Chylothorax associated with substernal goiter treated with transcervical thyroidectomy.

机构信息

Division of Otolaryngology-Head and Neck Surgery, University of Utah Health Sciences Center, Salt Lake City, Utah 84132, USA.

出版信息

Thyroid. 2011 May;21(5):551-3. doi: 10.1089/thy.2010.0405. Epub 2011 Apr 10.

Abstract

BACKGROUND

Substernal goiters are frequently associated with compressive symptoms. Compression of the trachea and esophagus are common, whereas thoracic duct compression is a rare occurrence.

METHODS

We report a rare case of a 72-year-old woman with thoracic duct compression by a large substernal goiter that presented with shortness of breath.
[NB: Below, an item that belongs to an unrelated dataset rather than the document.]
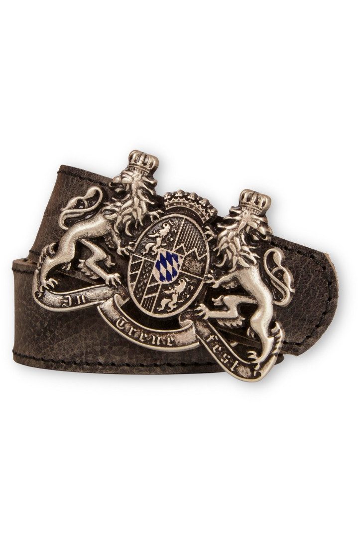 Dieser urig-schicke Trachten Ledergürtel im zünftigen Design mit der Schließe im bayerischen Design von der Marke Der Trachtler by Cassandra ist eine stilvolle Ergänzung zur Lederhose und Trachtenjeans. Der Lederriemen hat eine feine Struktur sowie eine dezente Färbung und eine robuste Naht in Kontrastfarbe. Die massive Koppelschließe in Altsilber zeigt als Retro-Motiv die Helmplatte der Bayerischen Armee um 1914: zwischen zwei nach außen schauenden, gekrönten Löwen ist ein ovales Wappen mit kleiner Krone platziert. Die Bayernrauten im Wappen sind teils blau gefärbt. Unter den Löwen befindet sich ein Banner mit dem Wahlspruch des Königreichs Bayern "In Treue fest". Der Gürtel wird in Bayern handgefertigt.

After undergoing thoracentesis multiple times, the patient was treated with thyroidectomy.

RESULTS

Transcervical thyroidectomy was performed without sternotomy. This led to resolution of her symptoms. Confirmation of chylothorax resolution was obtained with postoperative computed tomography of the chest.

CONCLUSION

Chylothorax is a rare sequela of substernal goiters. It can be managed with thyroidectomy. Sternotomy was avoided in this case.

摘要

背景

胸骨后甲状腺肿常伴有压迫症状。气管和食管受压很常见,而胸导管受压则较为罕见。

方法

我们报告了一例罕见的 72 岁女性病例,其巨大胸骨后甲状腺肿压迫胸导管,导致呼吸困难。在多次进行胸腔穿刺后,患者接受了甲状腺切除术。

结果

经颈甲状腺切除术,无需胸骨切开术。这导致她的症状得到缓解。术后胸部计算机断层扫描证实乳糜胸得到解决。

结论

乳糜胸是胸骨后甲状腺肿的罕见后遗症。它可以通过甲状腺切除术来治疗。在这种情况下避免了胸骨切开术。